Government, Political Parties
Refah, Welfare Party, ANAP, Development Party, Justice Party
All political parties were dissolved after the 1980 coup, and leaders of the Republican People’s Party (Turkish acronym, CHP) and the Justice Party (AP) were subsequently barred from taking part in national politics for at least ten years. In elections since the restoration of civilian rule, the Motherland Party (ANAP) won parliamentary majorities in both 1983 and 1987. The True Path Party (DYP) won the largest number of seats in the 1991 parliamentary elections. Other parties holding seats after the 1991 elections included the Social Democratic Populist Party (SHP), the Welfare Party (Refah), and the Democratic Left Party (DSP).
In September 1995 the DYP-led government collapsed, and early elections were called. For the next several years, Turkey was led by a series of unstable coalitions, marked by personal rivalries and fragmentation on both the left and right. In the December 1995 elections, the Welfare Party, an Islamic party, won a plurality with only 21 percent of the vote. The DYP and ANAP each received about 19 percent of the vote. Other parties that won seats in the 1995 elections were the CHP (reactivated in 1992), the Democratic Left Party (DSP), and the Grand Unity Party (BBP). The DYP and ANAP, longtime rivals, formed a coalition in March 1996 to block the Welfare Party from power, but this coalition collapsed in June. The DYP was then forced to form a coalition with the Welfare Party, which collapsed one year later. In June 1997 ANAP leader Mesut Yilmaz was appointed prime minister. He formed a new coalition government with the DSP and the Democratic Turkey Party (DTP), a new center-right party.

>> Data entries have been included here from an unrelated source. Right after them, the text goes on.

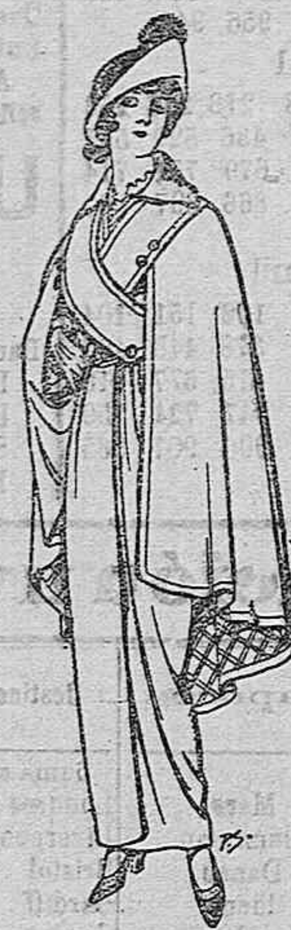
Capas de lana negra para señora. Ptas. 16
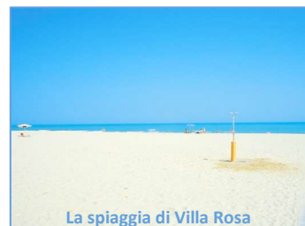
La spiaggia di Villa Rosa

Inoltre in Abruzzo si trovano cibi buonissimi e accoglienza speciale, ma soprattutto gente speciale .
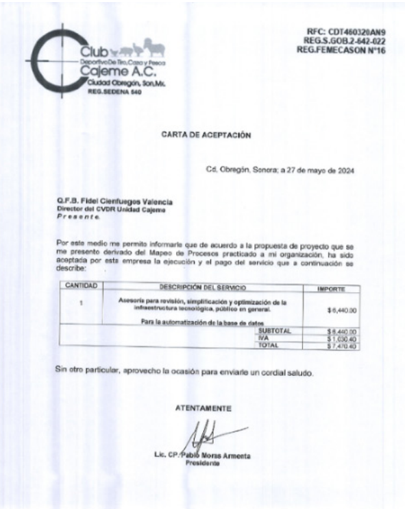
Cartas de aceptación de proyectos desarrollados por el Hub de Innovación del CVDR Unidad Cajeme, Sonora.
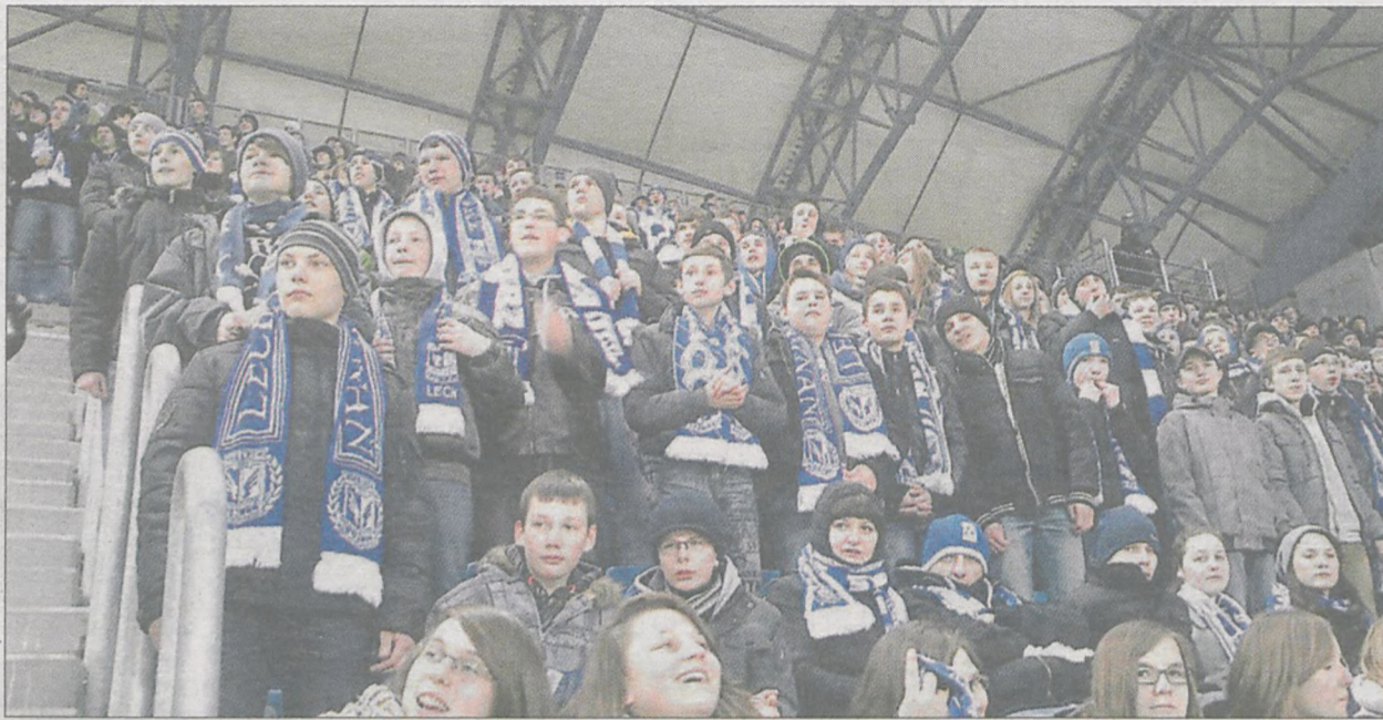
Zdaniem gimnazjalistów pozytywnych wrażeń nie zakłóciło nawet przenikliwe zimno. - Może tylko trochę rozczarował bezbramkowy remis Kolejorza - komentuje jeden z żerkowskich kibiców
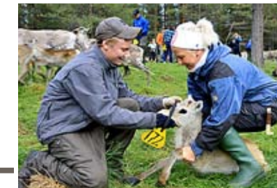
En sprallig kalv får brickan runt halsen.

ra renar väller över vägen som en stor brun lavaflod och det går fort, så fort att renskötarna får anstränga sig ordentligt för att styra den vilda flocken som tuffar fram som ett skenande lokomotiv. Nu uppenbarar sig återigen helikoptern som en bevingad hjälpare och på låg höjd driver den tillsammans med renskötarna på marken skickligt in renarna mot den fångstarm som öppnats i mot hagen.
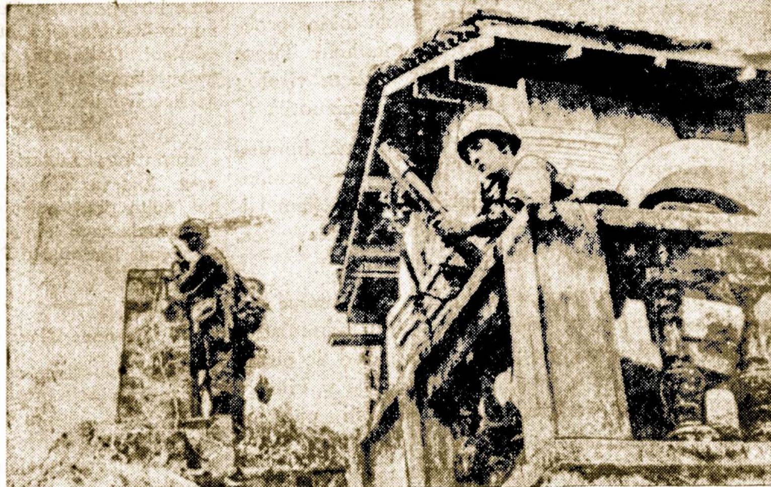
Budistų šventyklos bokštuose amerikiečiai kariai Vung Tau vietovėje, Pietų Vietname, įsirengė stebėjimo taškus, kovai su komunistiniais banditais.
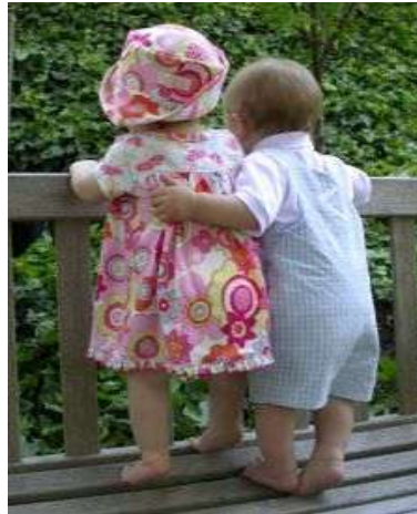
Resim 3.2: Çocuklar arasında cinsiyet ayrımı yapılması çatışmalara neden olur.

Geleneksel aile yapısında toprak bütünlüğünün bozulmaması, soyadının devamı, sosyal statü, mirasın bölünmemesi gibi kaygılarla erkek çocuk edinme isteği çok fazladır. Günümüzde de kırsal kesimde geleneksel aile yapısı devam eden bölgelerde erkek çocuk sahibi olma isteği hâlâ devam etmektedir. Bu istek çok çocuk sahibi olma nedenleri arasında yer almaktadır ancak günümüzde kent yaşamı içinde ailelerin kültürel yapılarının değişmesi, sosyoekonomik durumları ve eğitim düzeyleri yeni kuşak anne-babaların bu düşüncesinin değişmesine neden olmaktadır. Erkek çocuklara geleneksel aile yapısında maddi-manevi tüm olanaklar, en üst düzeyde ve öncelikli sunulurken günümüz aile yapısında çocuklara cinsiyet olarak değil birey olarak yaklaşılmaktadır. Ailede çocuklar arasında yapılan cinsiyet ayrımı kız çocuklarında duyguların bastırılması ve değersizlik duygularına neden olurken erkek çocuklarında üstün cinsiyet, hükmetme ve çalışma isteğinin azalması gibi olumsuz davranışlar gelişmesine neden olmaktadır. Bu tutumların var olduğu ailelerde yetişen çocuklar yetişkin olduklarında kendilerine farkında olunmadan kazandırılan olumsuz tavırlar sergilerler.
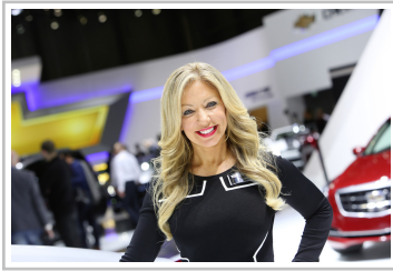
Messe-Girl in Genf.
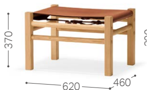
② 北海道タモ NF SO-BR
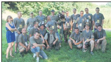
Muzealna Grupa Rekonstrukcji Historycznej im. II batalionu 18 pułku piechoty
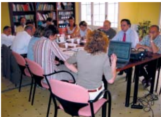
Sessió de treball de les persones expertes.

Una vegada finalitzat el programa pilot, l'any 2007, l'Agrupació de Desenvolupament RSE.COOP té previst transferir aquesta eina i lliurar-la gratuïtament a totes les organitzacions interessades en la seva implantació.
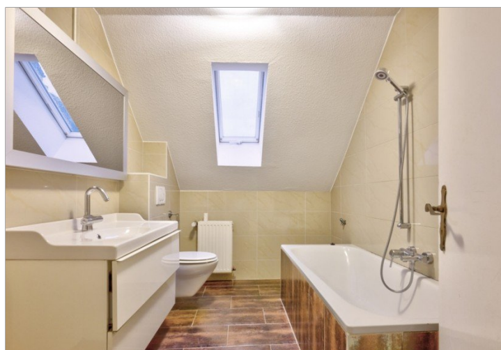
Tageslichtbad DG links
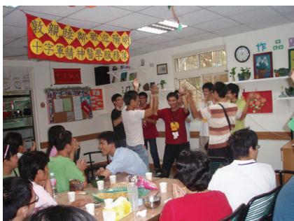
(97.11.1) 陽明十字軍精醫隊計畫來訪，與住民共同規劃周末茶會
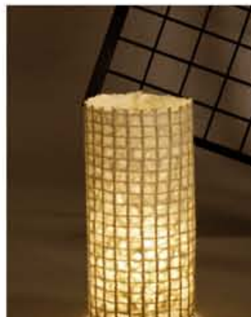
紙遊 ● No.1209 直径200×H420mm [三球40W] 19,800円(税込20,790円) 送料は別途
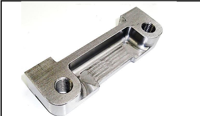
K4-7) Rear brake caliper support
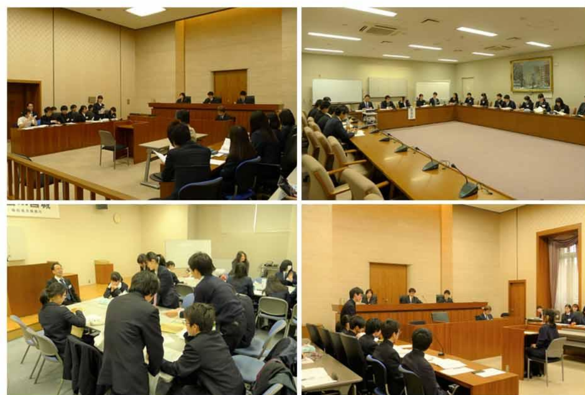
前回の模擬裁判大会の様子

申込方法 各校のご担当の先生を通じて、下記宛先まで郵送または F A X でご応募ください。 後日、招待状および事前配布資料をお送りいたします。
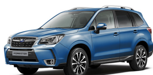
Синий перламутр (Quartz Blue Pearl)
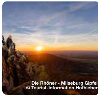
Die Rhöner - Milseburg Gipfel

TreffpunktDeutschland.de/bad-neustadt-an-der-saale
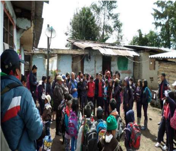
Ilustración 14. Conferencia de un Mayor Sabedor.

La autoridad tradicional está adelantando durante los últimos años eventos que tienen que ver con la retroalimentación del Plan de Vida, y de todos sus componentes. Está claro y se nota a partir de estas actividades que muchos docentes no están de acuerdo con este tipo de actividades, esto se refleja en la asistencia de algunos a encuentros, pero eso no ha frenado el deseo de otros de mejorar la propuesta del Cabildo por medio de la Coordinación de Educación. Se han adelantado visitas a las veredas con
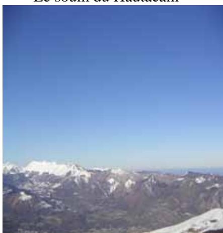
Chaîne du Pibeste
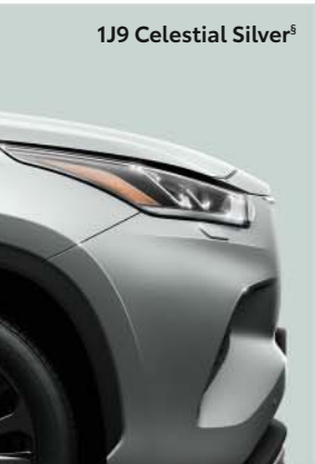
1J9 Celestial Silver s
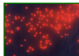
ピコ植物プランクトン 1,000倍G励起で撮影

In January 1998 the constitutional court outlawed the Welfare Party on the grounds that it threatened the secular nature of the Turkish state. Former members of the party joined a newly formed Islamic party called Virtue, making it the largest party in parliament. In November the Yilmaz government fell, and former prime minister and DSP leader Bulent Ecevit formed an interim government. In April 1999 elections the DSP secured the most parliamentary seats, followed by the rightist Nationalist Action Party (MHP) and Virtue. No party won an outright majority. Ecevit, again excluding the Islamists, formed a coalition government consisting of the DSP, the MHP, and ANAP (which had placed fourth in the elections). In November 2002 elections the Justice and Development Party (AKP), a party with Islamist roots formed in 2001, secured an outright majority in the parliament.